The VC seems to be ignoring the problem: in conclusion, we see full support for the model provided by the draft law. Of course, experts agree that we have a huge problem with the integrity of the HCJ members, and emphasize that the criticality of the situation requires extraordinary measures.
The experts even support the temporary suspension of a member of the HCJ, whose integrity is questioned by the Ethics Council, but they are not moving further.
The problem can be solved if the Ethics Council itself is empowered to decide on the dismissal of the HCJmembers, without involving the appointing authorities. This is the model supported by judicial experts and civic organizations.
The Constitution does not in any way regulate the procedure for dismissal of the HCJ members, nor does it say that appointing authorities should be involved in the dismissal procedure in any way. Thus, the dismissal of dishonest HCJ members by the decision of the independent Ethics Council does not contradict the Constitution, no matter how much the opponents of this idea try to prove it. It is enough to fix such a procedure by the law.
Finally, the Venice Commission makes a valuable recommendation that must be heeded: both HCJ candidates and its current members should have the right to challenge the Ethics Council’s decision in court.
The scandalous District Administrative Court of Kyiv cannot be such a court in any case.
According to the VC’s experts, the law should stipulate that appeals against decisions on the appointment or dismissal of HCJ members should be considered by the Supreme Court.
The Venice Commission stressed: “the issue of HCJ integrity needs to be addressed urgently.” This means that the parliament must immediately proceed to adopt draft law No.5068.
The Legal Policy Committee, which is responsible for drafting the text of the draft law, should take into account the recommendations of the Venice Commission, especially regarding the decisive vote of international experts within the Ethics Council.
Despite the fact that the Venice Commission has left the procedure of dismissal of current HCJ members to the discretion of the Parliament, civic experts continue to insist that such a mechanism should be effective, i.e. as an extraordinary measure, such powers should be given to the Ethics Council. The constitutionality of this approach is justified above.

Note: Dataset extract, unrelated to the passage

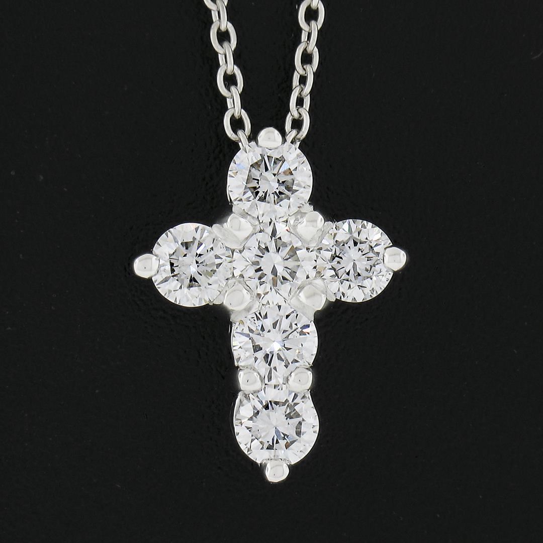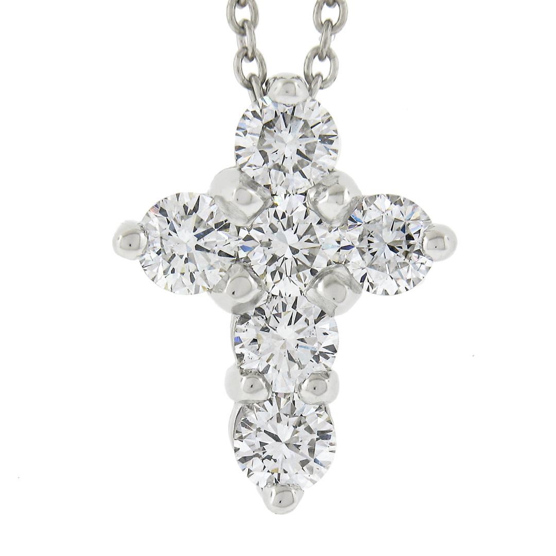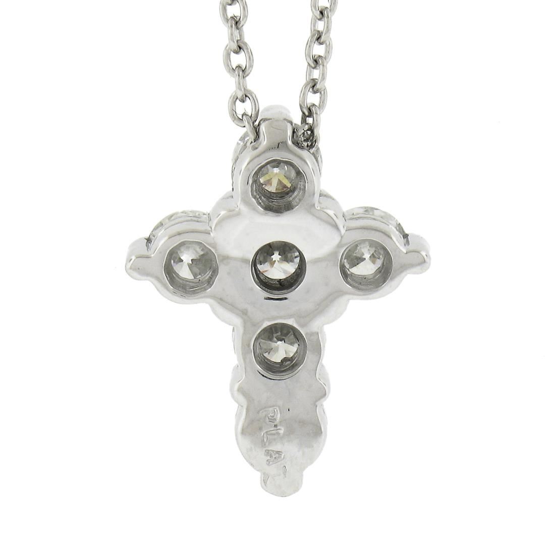 A new solid platinum cross pendant necklace, with round cut natural diamonds (F/G - VS1-SI1 ; 1.53ctw). Adjustable 16 & 18 inch cable link chain, 8.66 grams total weight, pendant measures 17.1x13.5mm.

It is obvious that the current judges will be fiercely opposed to the draft law on the HCJ reform.
They will especially oppose the provisions on the crucial role of international experts in the process of dismissal of dishonest HCJ members and selection of candidates for vacant positions. That is why the main task of society now is public pressure on MPs to finalize the draft law in accordance with the recommendations of the Venice Commission.
It is equally important that the recommendations of the Venice Commission are taken into account in draft law No. 3711-d on the formation of the High Qualifications Commission of Judges, which is now in the final stages of consideration in the Parliament. The international experts who will be involved in the selection of members of the HQCJ must have a decisive voice in the process so that the judges in the competition commission cannot block worthy candidates and nominate proteges of the judges’ clans.
After a clear and unambiguous statement by the EU Ambassador, one should not expect the participation of international partners in the process if MPs ignore the conclusion of the VC.
We hope that the MPs will listen to the recommendations of the Venice Commission, the position of the expert community and key international partners. After all, quality judicial reform and a fair trial are needed not by experts and diplomats, but by all of us.